— WHAT THIS TASK INVOLVES —
Extract, exactly and without pictures, every line from the one that includes "Mapa de temperaturas" through the final line of the material below.

— COLLECTED MATERIAL —
*** Begin section ***
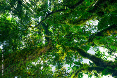 Looking up view of tree trunk to green leaves of tree in forest with sun light. Fresh environment in green woods. Forest tree on sunny day. Natural carbon capture. Sustainable conservation and ecology
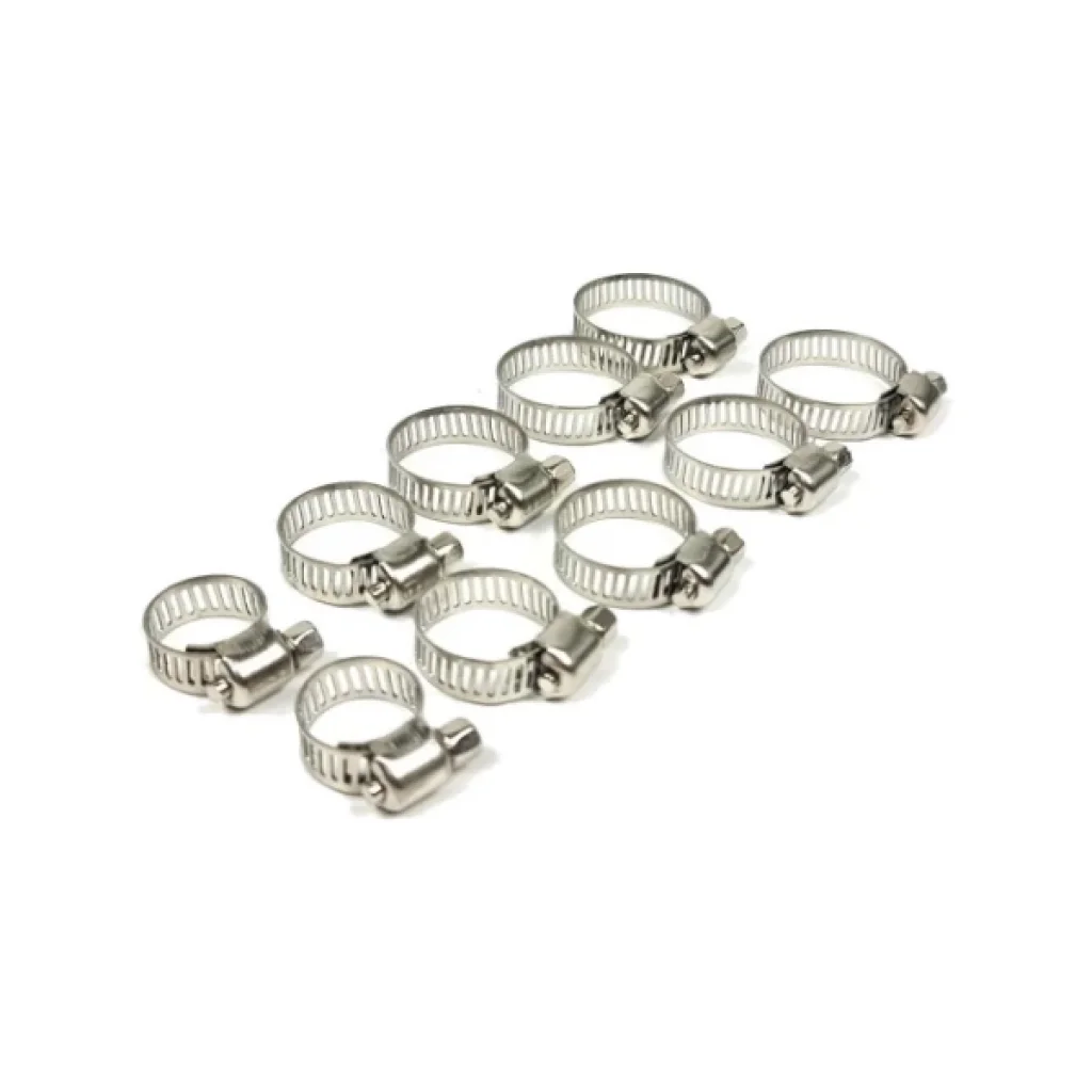 10 PARÇA HORTUM KELEPÇESİ SETİÜrün Özellikleri10 parça hortum kelepçesi seti, farklı çaplara sahip hortumların boru uçlarına sıkıca sabitlenmesi için kullanılır. Su, hava veya yağ hatlarında sıklıkla tercih edilen bu set, çeşitli boyutlardaki hortumlara uyum sağlar. Setin içinde 10 adet kelepçe yer alır, 2 adet 8–18 mm, 2 adet 11–20 mm, 2 adet 13–23 mm, 2 adet 14–27 mm, 2 adet 18–25 mm ve her biri yüksek basınç altında güvenli bağlantılar sağlar. Galvaniz kaplı çelik veya paslanmaz çelikten üretilen hortum kelepçeleri, uzun ömürlü ve paslanmaya karşı dayanıklıdır. Kullanımı oldukça kolay olup, tornavida ile sıkılıp gevşetilebilir.Paket İçeriği1 adet 10 Parça Hortum Kelepçesi Seti
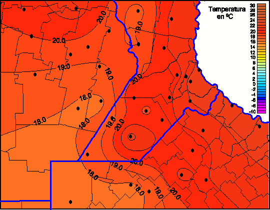 Mapa de temperaturas mínimas de las las últimas 72 horas.
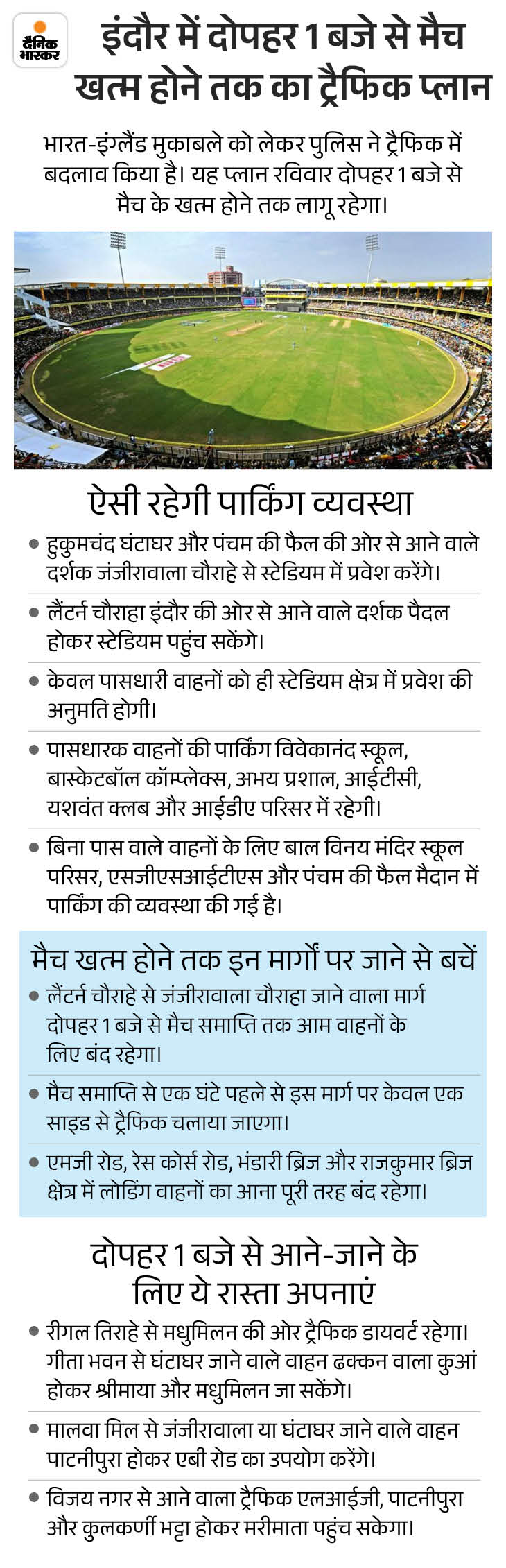 तीन गेटों से ही मिलेगी एंट्री मैच दोपहर 3:00 बजे शुरू होगा। दर्शकों को 12:30 बजे तक स्टेडियम पहुंचने की सलाह दी गई है। स्टेडियम में 8 गेट हैं लेकिन उषा राजे, सतीश मल्होत्रा समेत 3 गेटों से ही एंट्री होगी।
*** End section ***
— PROBLEM SOLUTION —
 Mapa de temperaturas mínimas de las las últimas 72 horas.
 तीन गेटों से ही मिलेगी एंट्री मैच दोपहर 3:00 बजे शुरू होगा। दर्शकों को 12:30 बजे तक स्टेडियम पहुंचने की सलाह दी गई है। स्टेडियम में 8 गेट हैं लेकिन उषा राजे, सतीश मल्होत्रा समेत 3 गेटों से ही एंट्री होगी।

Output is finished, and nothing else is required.